By Iana Seales
Shaneiza Khan who was found murdered in her former home at Enmore, East Coast Demerara nearly two weeks ago had little luck in love and life, and also with the police according to relatives.
She survived an abusive marriage; struggled after the death of a child; walked away from another abusive relationship and made reports at the police station every day for seven days before she was brutally killed. Prior to those reports, she frequented the station for four years complaining about her abusive reputed husband.
Her life was a battlefield, her mother Bibi Hamid said, in an interview with Stabroek News on Tuesday. She explained that the young mother of 22 years was always under attack in her own home and pointed out that no matter how much her daughter showed up at the station the police were never too concerned.
Khan was found with her throat slit at the home she once shared with her reputed husband. The police are still looking for the man, who went into hiding since the discovery was made.
“I can’t blame the police fuh she murder, but I could blame them fuh ignoring we all the time we running there and complaining. Is not yesterday or a month ago, I talking years of running to the station,” Hamid related in a frustrated tone.
Hamid’s irritation with law enforcement echoes that of countless other women and families who have criticized the police force’s domestic violence response and arrest record. Though stretched for resources, the force has had sustained training and sensitization in the area of domestic violence. Still, the level of gravity with which reports of domestic violence are handled remains a sore point.
In a Stabroek News article earlier this year the stories of three women highlighted the lack of action from the police in following up on complaints of domestic violence.
The three were Shreemattie Vivekanand, Bibi Alli and Vabita Arjoon. Vivekenand was hacked within inches of her life at her Chateau Margot, East Coast Demerara home in a bloody episode that ended with her husband taking his life; Alli fled her Golden Grove, East Bank Demerara home with her son after a domestic squabble that culminated with the house going up in flames and Arjoon survived life-threatening stab wounds after she was attacked by her reputed husband at her Philadelphia, East Bank Essequibo home.
To date, the police have said nothing with respect to the women’s complaints and attempts by this newspaper to have an interview with the Guyana Police Force on its record in this area has proved futile.

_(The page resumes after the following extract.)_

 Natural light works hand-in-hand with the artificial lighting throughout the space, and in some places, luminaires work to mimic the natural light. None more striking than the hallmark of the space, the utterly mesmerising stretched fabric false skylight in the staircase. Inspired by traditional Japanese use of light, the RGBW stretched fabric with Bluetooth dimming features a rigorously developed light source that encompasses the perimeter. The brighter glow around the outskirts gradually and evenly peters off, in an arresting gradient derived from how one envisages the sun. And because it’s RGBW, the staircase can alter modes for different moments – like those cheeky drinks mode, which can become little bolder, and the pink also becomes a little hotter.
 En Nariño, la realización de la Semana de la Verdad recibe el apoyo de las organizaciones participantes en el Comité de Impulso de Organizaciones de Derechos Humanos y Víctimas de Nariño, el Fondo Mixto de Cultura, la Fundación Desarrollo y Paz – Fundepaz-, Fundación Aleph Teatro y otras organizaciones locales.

The most recent police training session was late last year when the United States Embassy in Guyana held a workshop with the force on domestic violence. Police constables, subordinate officers, inspectors and other top tier ranks were trained by Vivian Huelgo, Director of the Community Law Project of Sanctuary For Families Center for Battered Women’s Legal Services, USA.

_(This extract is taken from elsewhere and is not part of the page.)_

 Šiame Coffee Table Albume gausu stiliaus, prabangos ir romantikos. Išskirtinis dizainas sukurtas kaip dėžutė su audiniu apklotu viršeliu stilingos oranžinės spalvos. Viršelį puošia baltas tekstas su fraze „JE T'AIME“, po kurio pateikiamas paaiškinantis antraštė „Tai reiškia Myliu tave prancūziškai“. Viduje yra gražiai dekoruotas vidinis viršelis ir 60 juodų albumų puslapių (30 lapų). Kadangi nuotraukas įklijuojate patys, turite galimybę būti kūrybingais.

Hamid told Stabroek News that Khan married at an early age and regretted it soon after because of the repeated abuse she suffered. She said the family intervened on numerous occasions but for some strange reason her daughter decided to stay in her marriage.
Eventually her husband packed his things and left the home without saying a word. According to Hamid, he just walked out on Khan and never looked back until recently. Now the man is fighting Hamid for the child he had with her daughter but the woman said she is not about to give up the child she has reared from birth.

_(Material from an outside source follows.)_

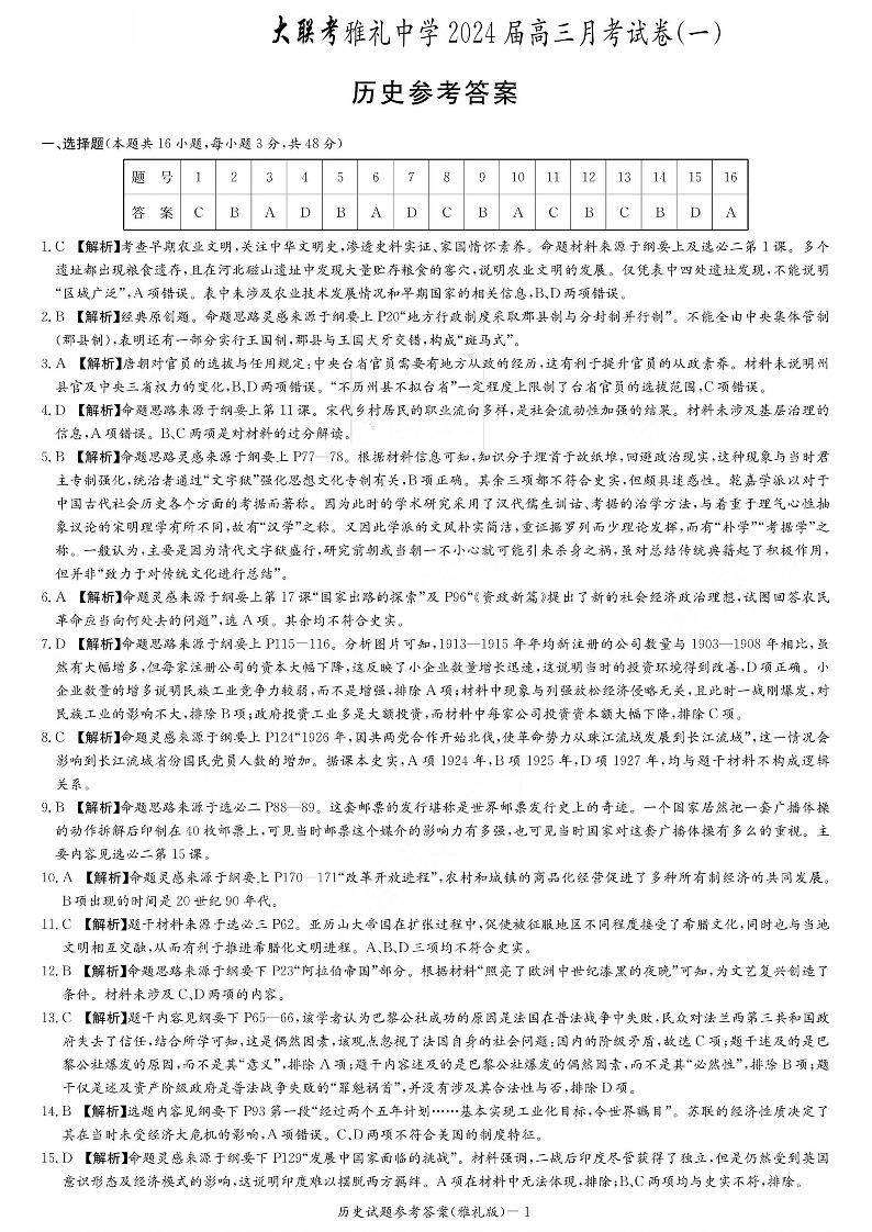 湖南省长沙市雅礼中学2024届高三上学期月考(一)历史答案
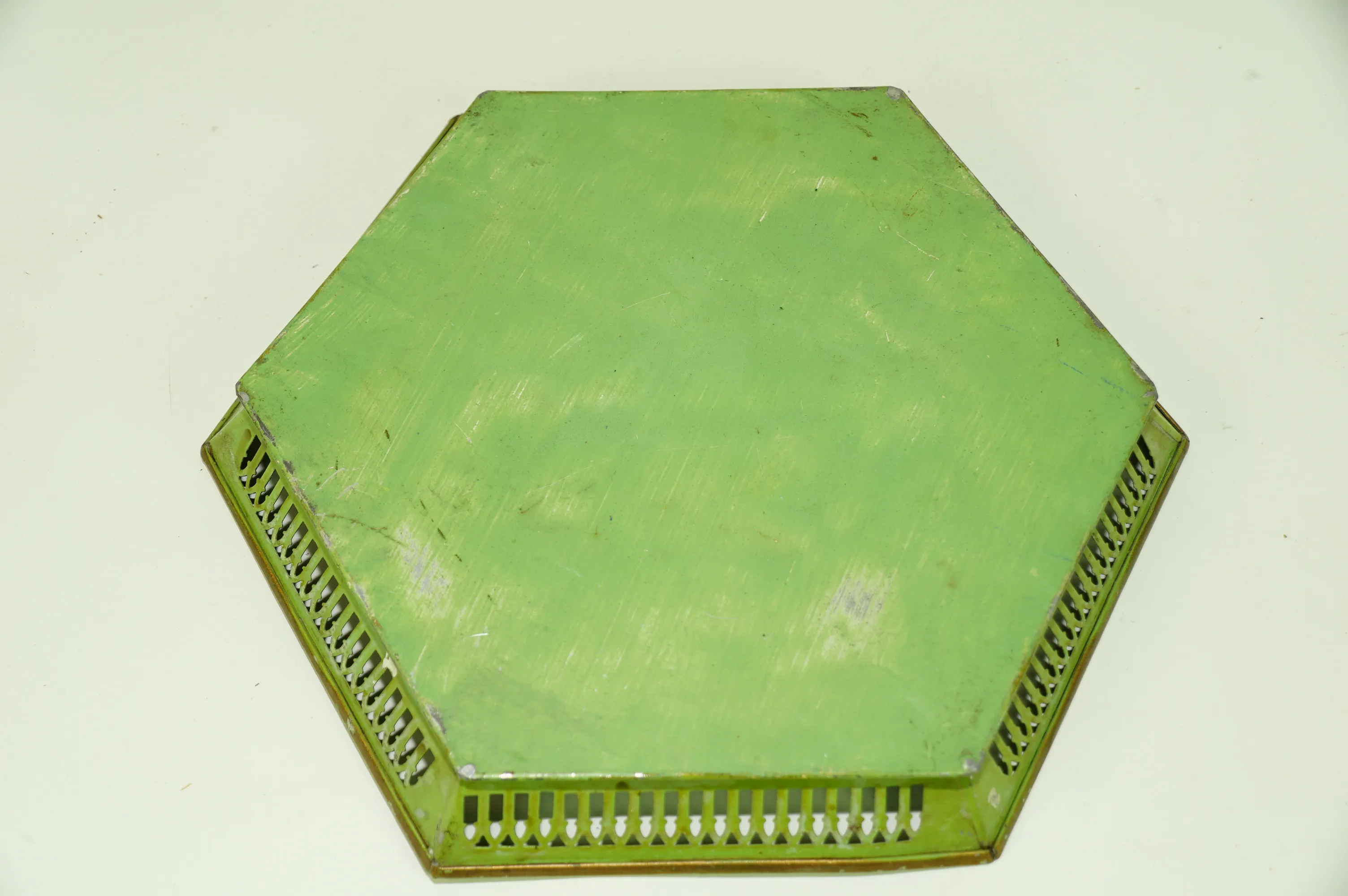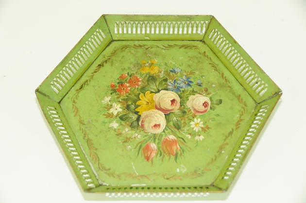 144. Plåtbricka med genombruten kant målad blommor på grön bakgrund

She related that some time after the split Khan met her reputed husband and was carrying on a secret relationship with him for some time before she found out.
“She use to come home late and every time she telling me how is work keeping she but I get to find out that she was going around with the man and he family used to hide she in the house,” the mother related.
She said it was only after she complained to the man’s family that her daughter revealed what was going on. Hamid said she was not happy at all and warned Khan not to get involved with the man. Khan continued the relationship and some time after left home to start a life with him.
But it was no life, according to the mother. She said Khan was beaten publicly and at home so many times she now gets confused when recalling which incident happened when. She said the man even attempted to beat her daughter in her yard one day and she had no choice but to scold them both.
The mother said she encouraged her daughter to leave the relationship but Khan decided to report him to the police instead with the hope that his behaviour would change.
The woman said her daughter was doused with hot food; beaten and bruised and threatened over the years but she remained in the relationship until recently when she had enough and moved out of the home. Khan returned home and even then, the man would meet her in the streets and make threats. In the days leading up to Khan’s death, Hamid said, she accompanied her daughter to the station but the police simply ignored them.
Four days before she was killed, she said, a police officer showed up at the home and enquired about the man. Hamid said the policeman appeared interested in the couple and later found the man but he was not held.
“They got a lot ah things when I remember it does hurt now Shaneiza gone. I try but my daughter had to get help from other places not just me,” Hamid added.